The value of each click on CPC campaigns isn't necessarily the value that you are paying. Some clicks are worth more than others yet that's not how the budget is allocated. I haven't seen any complete attribution model in the hotel marketing space so am advancing my idea here.

The discussions that attribution has become more complicated because users click on multiple touch points aren't entirely correct, users have always been using multiple touch-points. The difference today is that hotels and businesses pay for the clicks on these touch points and thus are getting more cost conscious.

An example is meta-search and AdWords. Plenty of users click on Adwords, then on TripAdvisor, then on another meta-search and finally on a banner before they book. So the actual cost of acquisition is going up. That cost can easily be $10 to even $30 based on the number of clicks and bid for each.

To determine a proper attribution model requires some work. Google Analytics works on last click, others work on first click but very few take the entire path into consideration.

So the theory I'm advancing is the algorithmic model where we have a U curve and each point has a percentage value of the overall acquisition cost. This would not only help assign the attribution it would also help understand how much one should be bidding or paying for the various touch point CPCs.

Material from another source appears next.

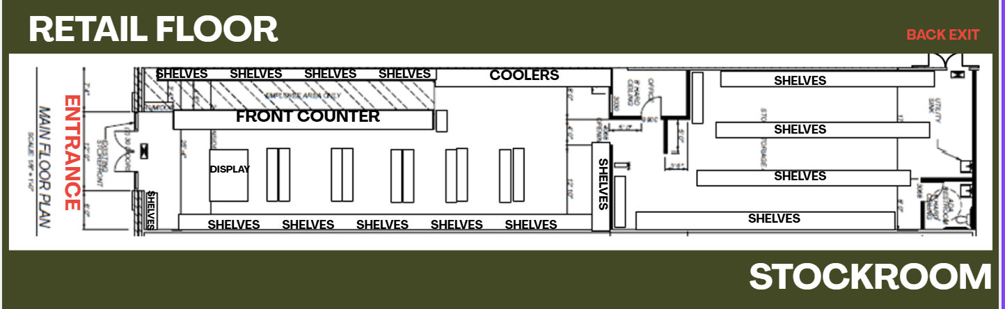 convert this floor plan into a realistic isometric 3d view of a full house show the space from an elevated angle with furniture walls and details visible liquor store use the same furniture as shows on the plan do not change the orientation of the floorplan

In this example the value of the click near the beginning and near the end of the conversion have a higher value.

In this example the value of the click near the beginning and near the end of the conversion have a higher value.

In this theory, the first and last clicks have equal value. They are the two most important points on the path, each point would thus get a value of 30% of the total cost. Then the touch points along the way will share the 40% remaining, the middle point having the least value.

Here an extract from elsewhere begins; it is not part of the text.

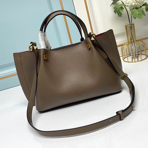 Valentino Små VLogo Fly Tote I Kornat Kalvskinn Kaffe-Te-Valentino VLogo Fly Tote.-Kornat Kalvskinn.-Logotyp och metalldelar antik mässing finish.-Dubbla handtag, avtagbar och justerbar axelrem.-Spänne i metall med logo.-Storlek: W31 * H25 * D15 cm.

It is arbitrary to say that the middle point has least value but I believe this is true since it neither increased awareness of the product or hotel nor convinced them to book.

In the example above the total cost of acquisition is $10 and by applying the U curve theory we can see that we are over-paying for some of the clicks but could pay more for the others and thus (in theory) increase the conversions. In case my illustration is not clear in blue is the cost paid and in green is the cost that could be paid per the theory.

If there are only three touch points then this theory wouldn't work because we'd have the middle point worth 40% and the others 30% each, so I'll admit it needs some refining. But I'm throwing this out there since I'm no mathematician and I'm sure there are smarter people who could bring a bit more science to it. Then we'll just need to find agencies with great tracking and develop a great way to use it and manage bids across channels.

I admit this isn't going to be popular with some publishers, but it's just a theory.

Disclaimer: The model above and the names of the publishers are not based on any statistics and are only there for the sake of example.